The 446 COAD individuals were categorized within high-risk (H-R) and low-risk (L-R) cohorts depending upon median risk scoring as threshold. Survival curves from the Kaplan-Meier (KM) test were plotted through log-rank test for assessing significance of variations within patients’ survival. Furthermore, receiver operating characteristic (ROC) curves were obtained through R software to measure their area under the curve (AUC) values for individual models to elucidate their efficacy and accuracy. p < 0.05 was termed statistically important.

Nomogram development depending upon fatty acid

Metabolic genes and clinical factors

It is believed that clinically a nomogram is a practical tool [16]. Therefore, a nomogram depending upon FAMGs and clinical variables was generated through “rms” R software assistance. Uni-/multi-variate Cox regression determined the corresponding factors linked with prognosis. Consequently, the Akaike information criterion (AIC) selected final nomogram variables through reversed-stepwise variable selection. Lastly, calibration curves were constructed to measure nomograms’ predictive accuracy, concordance index (C-index) was adopted for assessing discriminating ability via Hmisc software (version 4.1.1), and AUC was elucidated to represent its prognostic value by ROC curves.

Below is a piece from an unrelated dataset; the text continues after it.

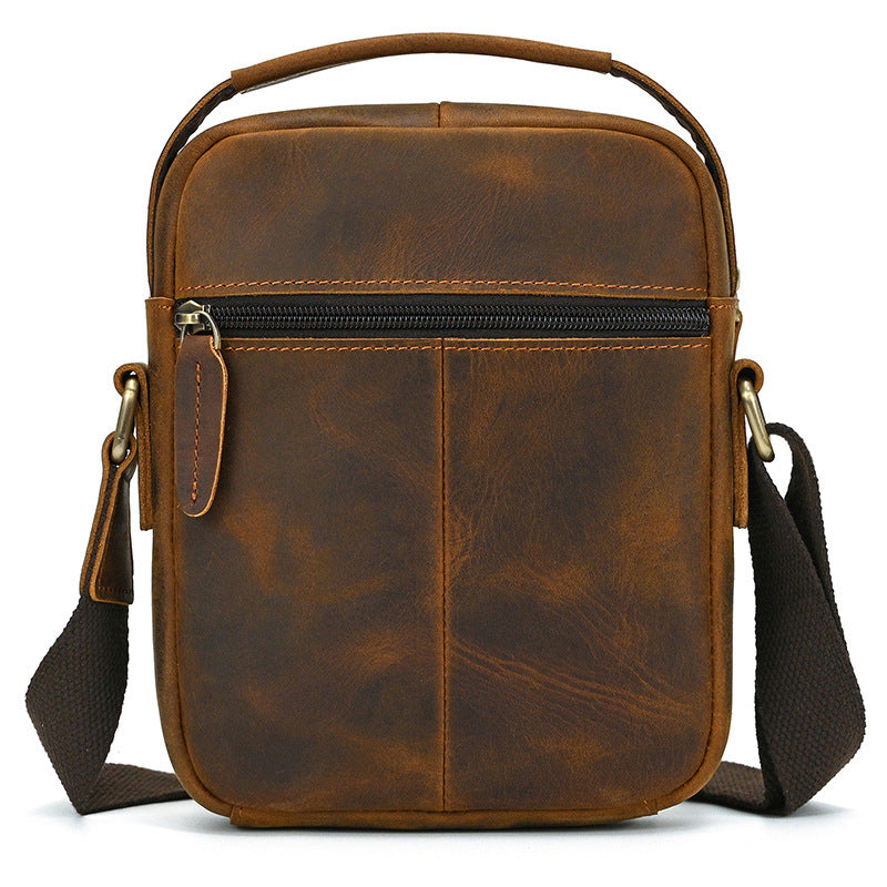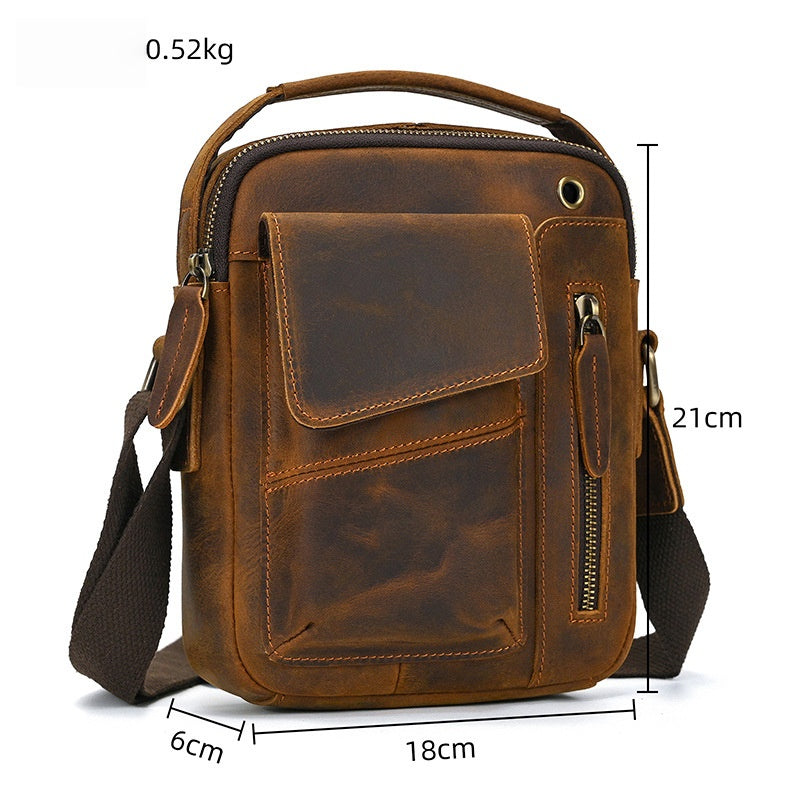 Discover the perfect blend of urban functionality and rugged style with our Vertical Crossbody Bag, a compact yet highly practical accessory designed for the modern man on the move. Expertly crafted from premium full-grain crazy horse leather in a rich vintage brown hue, this versatile Vertical Crossbody Bag measures 21cm x 18cm x 6cm, offering an ideal balance of slim profile and substantial storage capacity. With its intelligent multi-compartment design and comfortable crossbody wearability, this durable Vertical Crossbody Bag keeps your essentials organized, secure, and easily accessible throughout your day.

Concomitant assessment for immune cell infiltration and the risk scoring within COAD

Tumor mutation burden (TMB) in COAD H-R and L-R cohorts was calculated. The link across risk scoring and the TMB was assessed by Spearman’s correlation assessment. The 5-year survival rate within high-/low- TMB and risk scoring cases, respectively, was determined by the KM test.

Exploring immune infiltration depending upon eight-gene model

To elucidate the association of FAMGs and tumor immune microenvironment, a box plot indicating the activity of infiltrated immune cells and checkpoint-related gene expression in the two cohorts was constructed via Fluidigm Singular Analysis Toolset 3.5.2 R software. Then, using a violin plot, differences in the Tumor Immune Dysfunction and Rejection (TIDE, http://tide.dfci.harvard.edu/) across H-R and L-R cohorts were elucidated. p-value < 0.05 was deemed statistically important.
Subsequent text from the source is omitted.